2007-04-05 14:36:08 · answer #1 · answered by rjamcfan 2 · 0⤊ 3⤋
Here's another way to look at it- 1 divided by 3 equals .3 repeating. If you were to multiply .3 repeating by 3, shouldn't that equal 1, since all you're doing is reversing the equation? That tells me that .9 repeating actually does equal 1. Not in the pure sense, but the logic in the solution says it does.
2016-05-18 01:38:34 · answer #2 · answered by ? 3 · 0⤊ 0⤋
Yes. Here's a partial FAQ:
Q: Are you positive that 0.999... equals 1 exactly, not approximately?
A: In the set of real numbers, yes. This is covered in the article. If you still have doubts, you can discuss it at Talk:0.999.../Arguments. However, please note that original research may not ever be added to a Wikipedia article, and original arguments and research in the talk pages will not change the content of the article—only reputable secondary and tertiary sources can do so.
Q: 0.9 < 1, 0.99 < 1, and so forth. Therefore it's obvious that 0.999...<1.
A: No. Something that holds for various values need not hold for the limit of those values. For example, f (x)=x 3/x is positive (>0) for all values in its implied domain (x ≠ 0). However, the limit as x goes to 0 is 0, which is not positive. This is an important consideration in proving inequalities based on limits.
Q: 0.999... is written differently from 1, so it can't be equal.
A: 1 can be written many ways: 1/1, 2/2, cos 0, ln e, i 4, 2-1, 1e0, 12, and so forth. Another way of writing it is 0.999...; contrary to the intuition of many people, decimal notation is not a bijection from decimal representations to real numbers.
http://en.wikipedia.org/wiki/Talk:0.999...
2007-04-05 14:41:51 · answer #3 · answered by Puggy 7 · 3⤊ 2⤋
Yes. 0.9999... = 1.
Does not "tend towards" 1. Does not "eventually reach 1 after an infinite number of 9's are added.
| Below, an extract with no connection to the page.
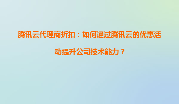 2025-08-27腾讯云代理商折扣:如何通过腾讯云的优惠活动提升公司技术能力? 在数字化转型的浪潮中,云计算已成为企业提升技术能力、优化业务效率的核心工具。腾讯云作为国内领先的云服务提供商,凭借其强大的技术实力和丰...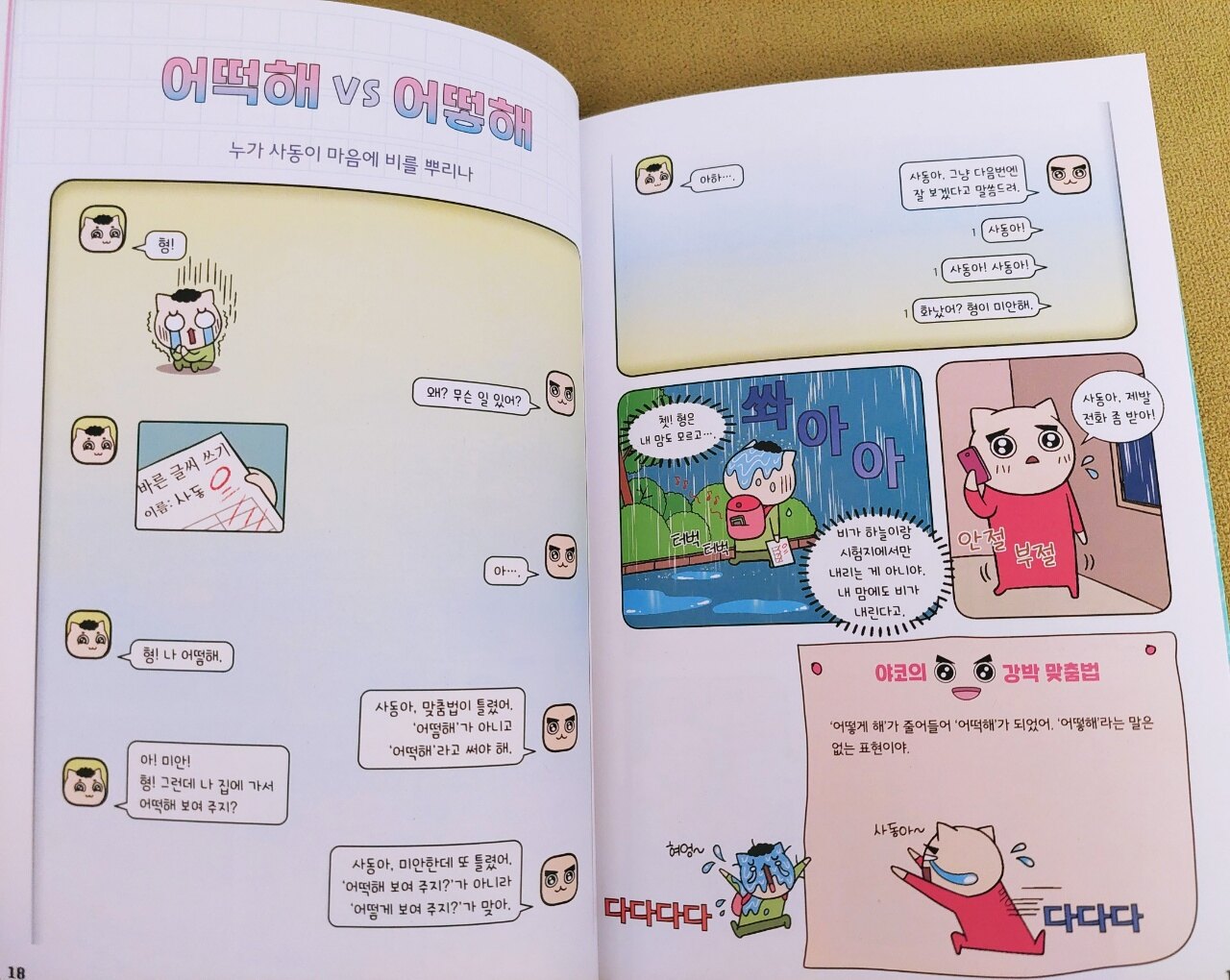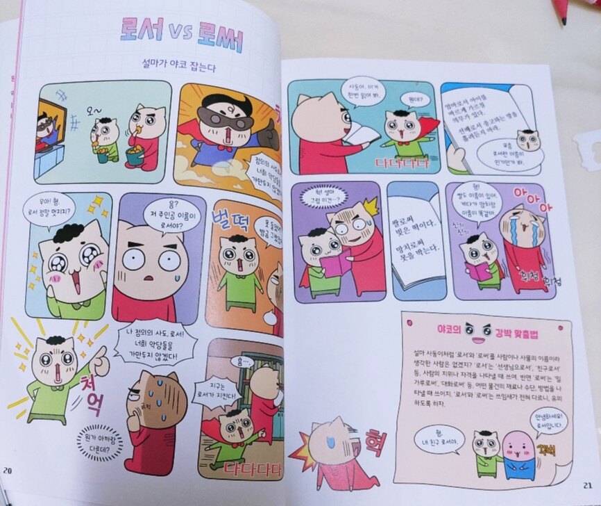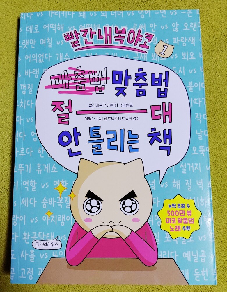 맞춤법은 글을 쓰지 않으면 덜 신경 쓰이는데 서평도 쓰고 필사도 하고 아이들과 카톡을 주고받다 보니 점점 더 신경이 쓰입니다 혹시라도 틀릴까 봐 헷갈리는 표현은 찾아보기도 하는데요 아이들도 독서보다는 스마트폰을 자주 보니 잘못된 표현을 맞는 표현으로 알고 있기도 합니다 국어 독해력 문제집을 풀다 보면 어휘력 문제가 나오는데 아직은 많이 어려운지 틀리는게 많아서 맞춤법에 많이 신경 쓰고 가르쳐줘야겠다 생각이 듭니다 저부터 안틀리고 정확한 표현을 사용하기위해 관련 책이 필요했는데 "빨간내복야코 맞춤법 절대 안 틀리는 책 "은 아이들도 재밌게 읽을 수 있는 책이라 너무 좋습니다 이 책은 귀엽고 재밌는 그림의 만화 형식입니다 단편만화를 보는 것만으로도 재밌는데 여기에 아이들이 가장 헷갈려하는 표현들만 모아 놨습니다 맞춤법에 대한 설명도 아이들 눈높이에서 이해하기 쉽게 설명이 간결하고 정확하게 되어 있어서 아이가 집중해서 읽기에 좋습니다 아이가 책을 읽으며 틀린 표현들을 손가락으로 짚으며 이야기 합니다 여기 틀렸고 여기도 틀렸고 틀린 표현을 찾으며 바르게 읽고 스스로 맞는 표현으로 바꾸면서 맞춤법에 대해 더 알고 기억하게 됩니다 캐릭터들의 표정이 웃겨서 읽는 내내 재밌습니다 평소에 저도 글쓰며 헷갈렸던 표현들이 많아서 읽으면서 배우니 도움이 많이 됩니다 어른인 저도 맞춤법 설명만 나온 책보다 빨간내복야코 가 알려주는게 더 재밌고 읽기 편하네요 아이가 앉은 자리에서 한 권을 다 읽어서 놀랐습니다 혹시나 공부라고 생각할까봐 살짝 걱정했는데 재밌다며 끝까지 다 읽었어요 아이도 헷갈렸던 표현들이 많아서 종종 불편을 느꼈는데 이렇게 알게 되서 좋다고 합니다 한 번만 읽는게 아니고 수시로 펼쳐서 찾아봅니다 이 표현이 이거었지 내가 맞았었네 그러면서 찾아보는 모습이 너무 기특하고 좋았습니다 교과서에 나오는 초등 필수 맞춤법 60가지가 수록되어 있는데 어린이들이 직접 뽑은 헷갈리는 맞춤법이라 국어 공부에 도움이 많이 됩니다 누적 조회수 500만 뷰 이상을 자랑하는 야코의 노래와 QR 코드로 만든 맞춤법 활동지까지 특별 수록하여 더욱 신나게 배울 수 있도록 했습니다 QR코드를 스캔하여 노래를 들으니 말이 굉장히 빠르네요 중독성 있는 노래인데 듣다보면 웃깁니다 한국인이 싫어하는 노래는 느려서 답답한데 가사때문에 아이들과 재밌게 들었습니다 빠른 노래는 정신없는데 아이들이 계속 듣다보니 저까지 정신없네요 아이들이 좋아하는 구성으로 국어 공부에 큰 도움을 주고 재미를 주는 책이라 추천합니다 요즘 어른들도 맞춤법 틀리고 문해력이 떨어지는 사람들이 꽤 많습니다 아이들과 함께 이 책을 읽어보시길 추천합니다

Is not "infinitesimally close to" 1.
Equals 1. Is the same thing as 1.
Show me a number that is smaller than 1 and I will show you a number that is smaller than 0.9999...
http://en.wikipedia.org/wiki/0.999 for more info.
2007-04-05 14:38:35 · answer #4 · answered by Anonymous · 3⤊ 0⤋
Yes; to prove it, consider the following:
If x = .999 (9s repeating forever)
Then 10x = 9.999 (9s repeating forever)
10x - x = 9x; Therefore
9.999 - .999 = 9 (9s repeating forever - 9s repeating forever) = 0
9x = 9 Therefore x=1
QED
2007-04-05 14:47:36 · answer #5 · answered by Joe J 4 · 3⤊ 0⤋
your dealign with round off error. no computer can store an infinitely long number. by it's anture it would take an infinite number of bits to store it.
1/3 times 3 = 1
.3333 times 3 does not equal 1
1 does not equal .99 repeating.
remember the computer saves it in a FINITE number of bits. usually 8, 16, 32, or 64 bits. in most hand held calculators a floating point number (one where it's represented with something point something and the POINT can move back or forth instead of a fixed point number where it's some number of bits poitn and some number of bits) is usually represented on a 8 or 16 bit method.
my hand held casio crap tastic oldie calculator displays up to 8 numbers but internally it stores a little further (don't ask, it took some fiddling to figure it out) but my ti 89 emu can display 30 some numbers but stores about 30 more.
in general work with the fractionals if you think round off will be an issue.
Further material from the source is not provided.